Возбуждённый, раскрасневшийся, Антон Беллогорский вернулся к окну. Под фонарём на скамейке кто-то сидел. Неизвестный человек был полностью неподвижен, на лицо его падала тень. Когда он успел появиться Антон отошёл буквально на полминуты? Человек сидел, выпрямив спину и положив на колени руки в перчатках. Час был поздний; помимо застывшей фигуры во дворе не было ни души даже собак не выгуливали. Почему-то Антон дал себе слово, что никто, никогда, ни за что на свете не заставит его выйти из дома и подойти к этому типу. Тут он с досадой сообразил: какая дурацкая блажь! никто и не просит его так поступить. Чертыхнувшись, Беллогорский отправился спать.
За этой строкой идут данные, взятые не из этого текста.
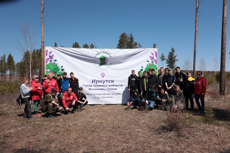 "Сад Памяти" – международная акция, посвящённая событиям Великой Отечественной войны. Вместе мы высадили 27 миллионов деревьев. Это не только памятная, но и экологическая, лесовосстановительная акция. Дружной компанией эколого-туристский отдел Дворца творчества, 14 мая 2021 года, высадил сеянцы сосны сибирской на местах бывших горельников на территории Иркутского лесничества. Организатор акции – Министерство Лесного комплекса Иркутской области.

Ночью Антон сильно захотел пить, проснулся. В простывшей кухне, глотая из высокого стакана отдающую хлоркой воду, он как бы нечаянно взглянул в окно скамейка была пуста, и мёртвые листья, словно размножившиеся пешки на доске, подтягивались ветром друг к другу.
5
Радость Антона по поводу работы плечом к плечу с самим Фертом была преждевременной. Обнаружилось ещё одно отличие от компаний и фирм, с которыми ему приходилось иметь дело прежде: вербовщик, привлекая в «УЖАС» новичка, получал от организации единовременное скромное вознаграждение, но в дальнейшем уже не стриг никаких купонов. «УЖАС» содрал с той же сайентологии лишь форму набора, так называемый рекрутинг для удобства первой беседы и поощрения активных вербовщиков. «УЖАС» ничего не производил и не продавал, а потому и ощутимых выгод от последующей деятельности новичков начальникам не было. Так что Ферт с лёгкостью определил Беллогорского в звено Коквина.
Антон отметил про себя, что это ещё не худший вариант. Например, угрюмый, пещерного вида Свищев вызывал у него куда меньше симпатий. А в Коквине чувствовался фанатизм нерассуждающий, тупой и только. Ни страха, ни почтения он с первого взгляда не внушал. Помимо Коквина, в звено входили Холомьев, Недошивин, Злоказов и Щусь.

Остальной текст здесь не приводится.